Eskimo kinship (also referred to as Lineal kinship) is a concept of kinship used to define family in anthropology. Identified by Lewis Henry Morgan in his 1871 work Systems of Consanguinity and Affinity of the Human Family, the Eskimo system was one of six major kinship systems (Eskimo, Hawaiian, Iroquois, Crow, Omaha, and Sudanese). Morgan's system of classification is considered obsolete in current mainstream anthropology.

Kinship system[]

The Eskimo system places no distinction between patrilineal and matrilineal relatives, instead focusing on differences in kinship distance (the closer the relative is, the more distinguished). The system also emphasizes the nuclear family, identifying directly only the mother, father, brother, and sister (lineal relatives). All other relatives are grouped together into categories.
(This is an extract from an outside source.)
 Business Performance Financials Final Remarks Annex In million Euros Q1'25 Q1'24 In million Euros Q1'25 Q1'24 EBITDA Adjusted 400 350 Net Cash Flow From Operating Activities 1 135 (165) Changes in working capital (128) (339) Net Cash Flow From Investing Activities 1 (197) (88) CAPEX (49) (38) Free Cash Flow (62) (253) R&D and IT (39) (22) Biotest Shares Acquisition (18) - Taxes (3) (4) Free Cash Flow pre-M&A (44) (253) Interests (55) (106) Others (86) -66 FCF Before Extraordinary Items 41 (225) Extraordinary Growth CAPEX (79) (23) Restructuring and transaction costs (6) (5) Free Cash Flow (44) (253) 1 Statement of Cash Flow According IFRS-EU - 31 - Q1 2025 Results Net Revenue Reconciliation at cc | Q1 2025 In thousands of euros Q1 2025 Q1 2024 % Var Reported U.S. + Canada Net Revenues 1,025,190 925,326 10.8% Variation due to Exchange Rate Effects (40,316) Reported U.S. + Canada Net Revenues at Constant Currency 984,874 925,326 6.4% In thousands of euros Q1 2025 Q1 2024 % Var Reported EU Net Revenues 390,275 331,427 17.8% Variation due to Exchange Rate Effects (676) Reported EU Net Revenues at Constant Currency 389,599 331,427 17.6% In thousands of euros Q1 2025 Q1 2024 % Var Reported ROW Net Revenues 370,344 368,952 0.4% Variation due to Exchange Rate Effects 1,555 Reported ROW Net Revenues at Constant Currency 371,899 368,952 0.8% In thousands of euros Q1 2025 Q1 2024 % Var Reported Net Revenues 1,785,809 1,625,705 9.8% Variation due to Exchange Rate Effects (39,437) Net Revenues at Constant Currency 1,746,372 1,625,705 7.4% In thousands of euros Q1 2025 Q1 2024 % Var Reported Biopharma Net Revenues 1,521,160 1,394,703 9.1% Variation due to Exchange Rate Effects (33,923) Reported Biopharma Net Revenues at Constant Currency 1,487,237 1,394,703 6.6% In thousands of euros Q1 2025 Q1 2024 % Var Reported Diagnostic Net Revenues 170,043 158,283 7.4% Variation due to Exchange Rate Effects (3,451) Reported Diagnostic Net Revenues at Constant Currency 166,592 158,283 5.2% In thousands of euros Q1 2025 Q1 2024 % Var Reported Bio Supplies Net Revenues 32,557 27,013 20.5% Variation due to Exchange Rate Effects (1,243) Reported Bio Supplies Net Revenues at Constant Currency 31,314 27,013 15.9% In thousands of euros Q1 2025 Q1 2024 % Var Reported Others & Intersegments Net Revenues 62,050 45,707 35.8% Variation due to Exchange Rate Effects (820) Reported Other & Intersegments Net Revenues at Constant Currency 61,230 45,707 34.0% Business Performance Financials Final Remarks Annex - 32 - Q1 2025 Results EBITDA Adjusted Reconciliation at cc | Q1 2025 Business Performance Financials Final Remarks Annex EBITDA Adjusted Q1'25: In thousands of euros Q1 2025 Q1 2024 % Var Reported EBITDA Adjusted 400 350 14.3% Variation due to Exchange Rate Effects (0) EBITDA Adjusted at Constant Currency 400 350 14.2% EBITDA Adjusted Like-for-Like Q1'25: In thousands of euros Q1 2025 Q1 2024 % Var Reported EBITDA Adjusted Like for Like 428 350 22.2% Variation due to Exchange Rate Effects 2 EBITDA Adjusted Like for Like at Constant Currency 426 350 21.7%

It uses both classificatory and descriptive terms, differentiating between gender, generation, lineal relatives (relatives in the direct line of descent), and collateral relatives (blood relatives not in the direct line of descent).
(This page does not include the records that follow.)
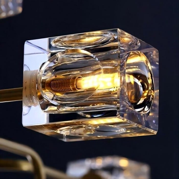 Square crystal chandelier is made of solid brass and crystal glass and shows the enthusiasm of luxurious materials and craftsmanship. Evoking the minimalist spirit of 1960s design, each finely carved surface has been hand buffed and buffed to reflect and refract light.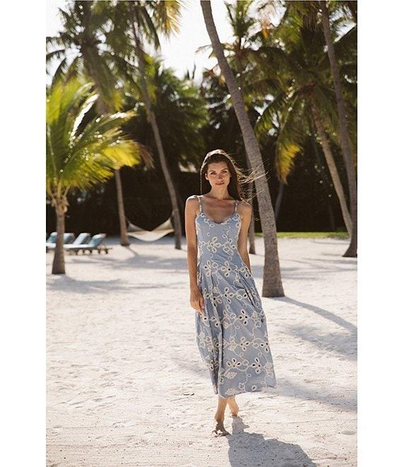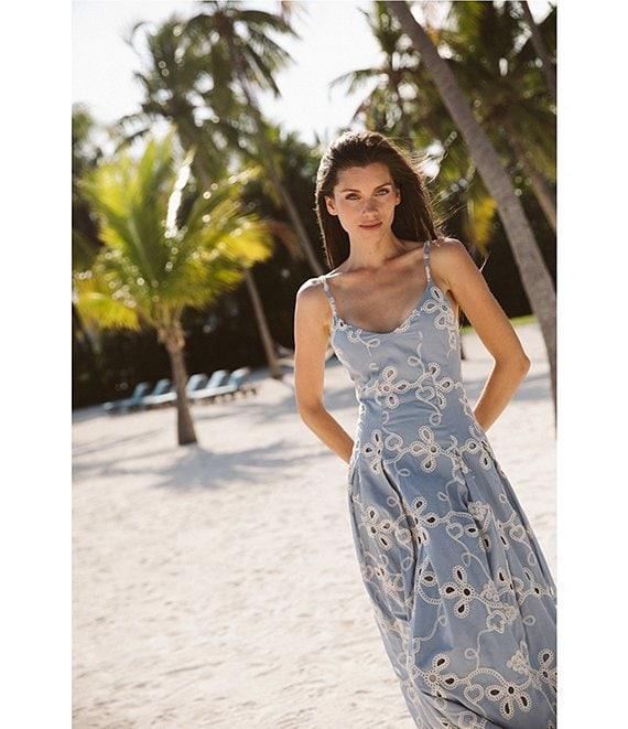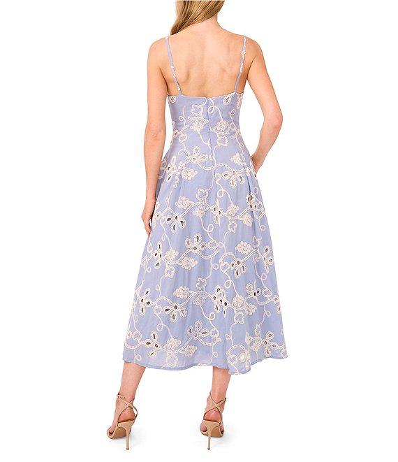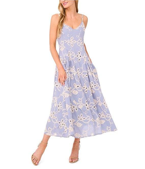 From CeCe, this dress features: Woven fabrication V-neckline Sleeveless Floral embroidery Bottom godets Maxi length Lined Side zipper closure Approx. 48.75" in length Cotton Machine wash/line dry Imported.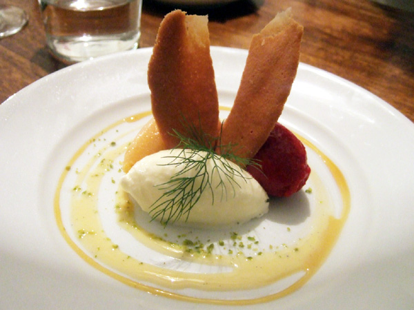 こけもものアイス、レンズ豆のお汁粉、梅に見立てたミラヴィルというフランスの果物と、とても春らしい色合いと香りが広がります。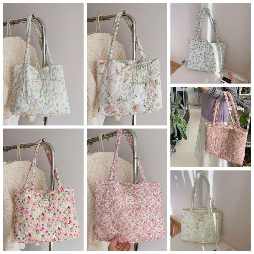 Милая цветочная сумка на молнии из парусиновой ткани, сумка на плечо, универсальная хлопковая сумка-тоут с цветочным принтом для школы style6
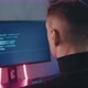 Portrait of young man programmer coding network security software indoors in neon lights. Hacker typing code on computer screen in dark office at night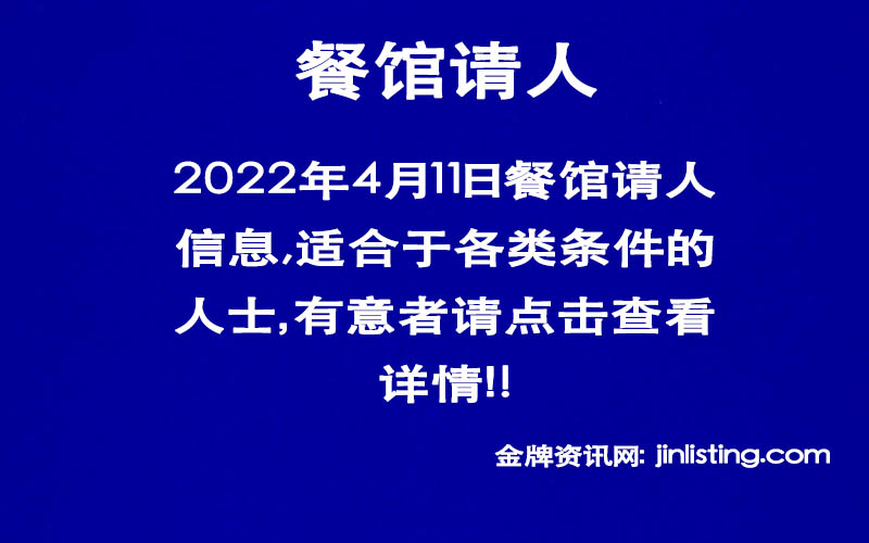 长岛亚洲餐请企台一名,可入住、可自驾,有意者请联系6316096752

Parental siblings are distinguished only by their sex (Aunt, Uncle). All children of these individuals are lumped together regardless of sex (Cousins). Unlike the Hawaiian system, Ego's parents are clearly distinguished from their siblings.

Graphic of the Eskimo kinship system


The Eskimo system is comparatively rare among the world's kinship systems and is at present used in most Western societies (such as those of modern-day Europe or North America). A small number of food-foraging peoples also use it (such as the !Kung tribe of Africa).

The system is largely used in bilineal societies where the dominant relatives are the immediate family. In most Western societies, the nuclear family represents an independent social and economic group, further emphasizing the immediate kinship. The tendency in Western societies to live apart and interact with extended family only on a ceremonial basis also reinforces this.


Eskimo is the accepted term used by Alaska Natives today. Iñupiaq speakers (Iñupiat) are in the Arctic region of northern and northwestern Alaska. Yup'ik speakers (Yup'iit) are in the western and southwestern, sub-Arctic portion of Alaska.